Why did this rape epidemic occur? Because the state – particularly police officers and social workers – refused to investigate rape claims against Pakistani groups for fear of being called racist, often even facilitating the rapes by returning victims back into the clutches of gangs.
As the Government’s own report by Baroness Casey, released last year, says: “The ethnicity of perpetrators is shied away from and is still not recorded for two-thirds of perpetrators, so we are unable to provide any accurate assessment from the nationally collected data.”
Greater Manchester, South Yorkshire and West Yorkshire police forces all stated there was enough evidence to show “disproportionate numbers of men from Asian ethnic backgrounds amongst suspects for group-based child sexual exploitation”.
Similarly, this week we also heard how in the case of the murder of little Preston Davey. Adoption Now couldn’t wait to place him in the home of the evil pair that abused him.

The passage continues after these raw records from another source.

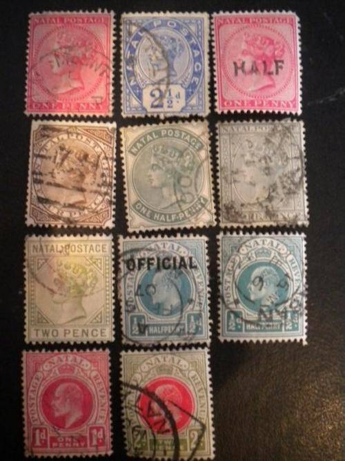 Up for aution is a lot of 11 NATAL stamps.
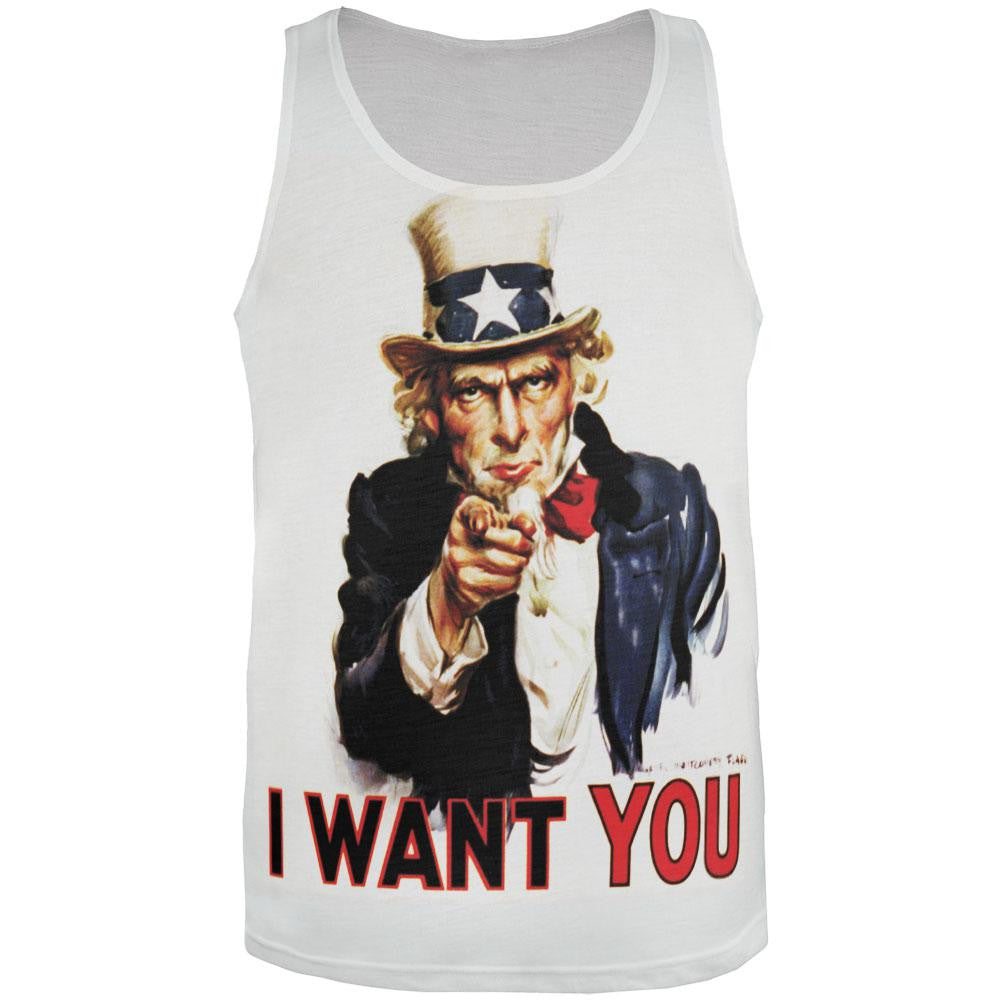 Show your patriotism with this classic representation of Uncle Sam. This Old Glory design is printed on a polyester adult tank top, featuring the Uncle Sam and the text, "Uncle Sam Wants You" on the front. The dye sublimation printing process causes slight differences that are unique to each individual garment.
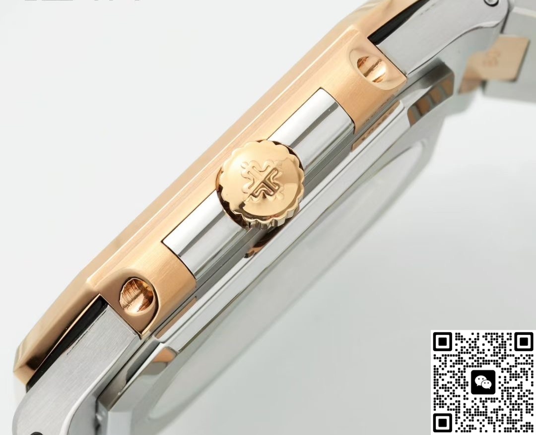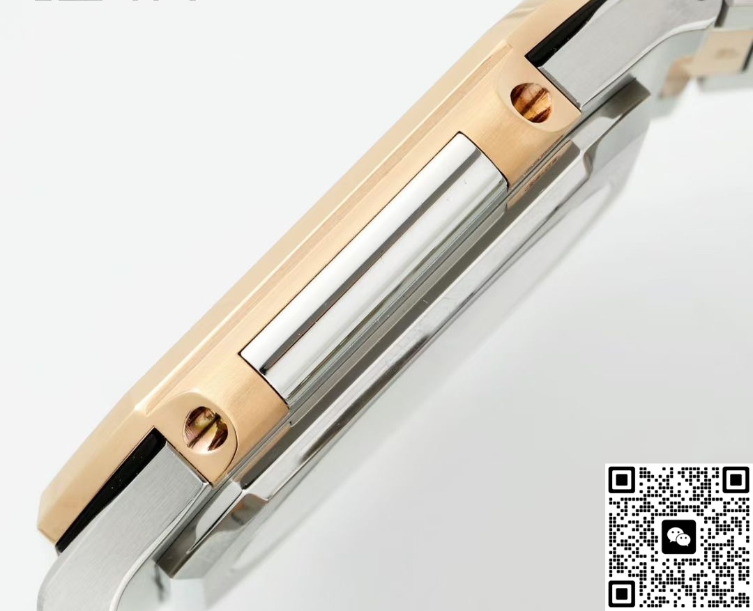 The rose gold case has a very clear brushed finish on the front—it feels premium. The sides of the case are cleanly sculpted with sharp lines. This watch comes with a two-tone bracelet. The gold parts in the middle are polished, so they’re shiny, while the other sections have a matte finish. The edges of each link are smooth, so it doesn’t feel rough on the wrist. I think APW factory nailed this detail—it’s very close to the original. The bracelet bends easily and fits the wrist comfortably, so it’s really nice to wear. Also, the case is pretty thin, so it won’t get caught on your sleeve.
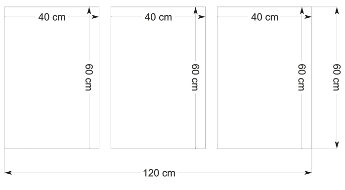 - rozmiary: całkowity rozmiar zestawu 60x120cm: 3 szt o wymiarach 40 cm x 60 cm lub całkowity rozmiar zestawu 90x180cm: 3 szt o wymiarach 60 cm x 90 cm
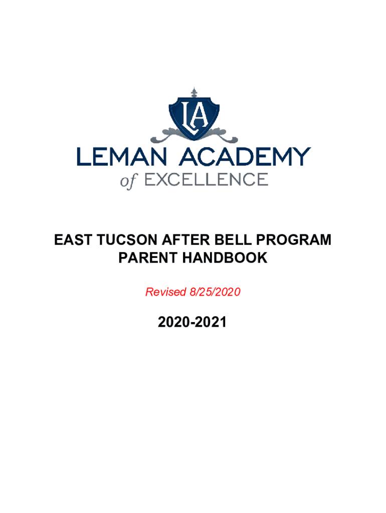 EAST TUCSON AFTER BELL PROGRAM PARENT HANDBOOK Revised 8/25/202020202021 The After Bell program is established as a child care alternative for families whose children attend our school. The program

Adoption Now did their first visit to the home of Jamie Varley and John McGowan-Fazakerley – an unmarried gay couple in a non-monogamous relationship – on Feb 13, 2023.
Yet, barely two weeks later – by April 1 – Preston had already spent a night unsupervised at their home.
Preston was murdered by Varley – after months of abuse – just three months later on July 27, 2023, even after his abusers had brought him to hospital multiple times with unexplained violent injuries, including a broken arm.
What check-ups did our state do to save baby Preston? Why were they so keen to put this baby into these monsters’ care? Unsurprisingly, Debbie Davey, Preston’s maternal grandmother, has questioned whether fears of being accused of homophobia clouded social workers’ judgment.
Earlier this year, Karin Al-Danasurt, an Afghan migrant, was one of a group found guilty of gang-raping a woman on Brighton beach, filming and laughing during the sickening attack. During his trial, the Court was told that Al-Danasurt was wanted for murder in Egypt, something his defence team disputed.
Police were said to have discovered this because the fiend, upon his arrest for the rape, had kept documents relating to his earlier outstanding warrant in his hotel room. A hotel room, of course, that taxpayers are paying for.
This all occurs because our authorities – chained by the European Court Of Human Rights – must give sanctuary to anyone who arrives here seeking asylum. Our state has the opportunity to stop this but doesn’t.
Our education authorities also have this same dysfunction. In 2026, we heard that Southport monster Axel Rudakubana – who killed three girls at a Taylor Swift-themed dance class – was not expelled from school or handed over to police despite repeatedly bringing a knife into a classroom and saying he wanted to stab people.
His concerned teacher, Joanne Hodson, described him as the most “sinister” child she had ever encountered. Yet she was told by the Child and Adolescent Mental Health Service her concerns were problematic, stating that she shouldn’t racially profile him as a black boy with a knife. More consideration was given to this knife maniac’s feelings than his future victims.
This has chilling echoes in the death of Henry Nowak, where a single lie about racism was enough to see police handcuff a dying man rather than his attacker or seek urgent medical care.
All because our Government demands officers see crime through the prism of race and that “equity” does not mean treating everyone ‘the same’ or being ‘colour blind’ (racial equality)”.
These issues are not occurring purely because of a lack of staff or under-funding. In all of these cases, the state has failed to act because our public sector is designed this way, through training and process to see the world through a certain lens. We have a public sector at every level – education, police, social work, and mental health – that is obsessed with identity politics – the needs of minorities and protected groups – and not with keeping its citizens safe.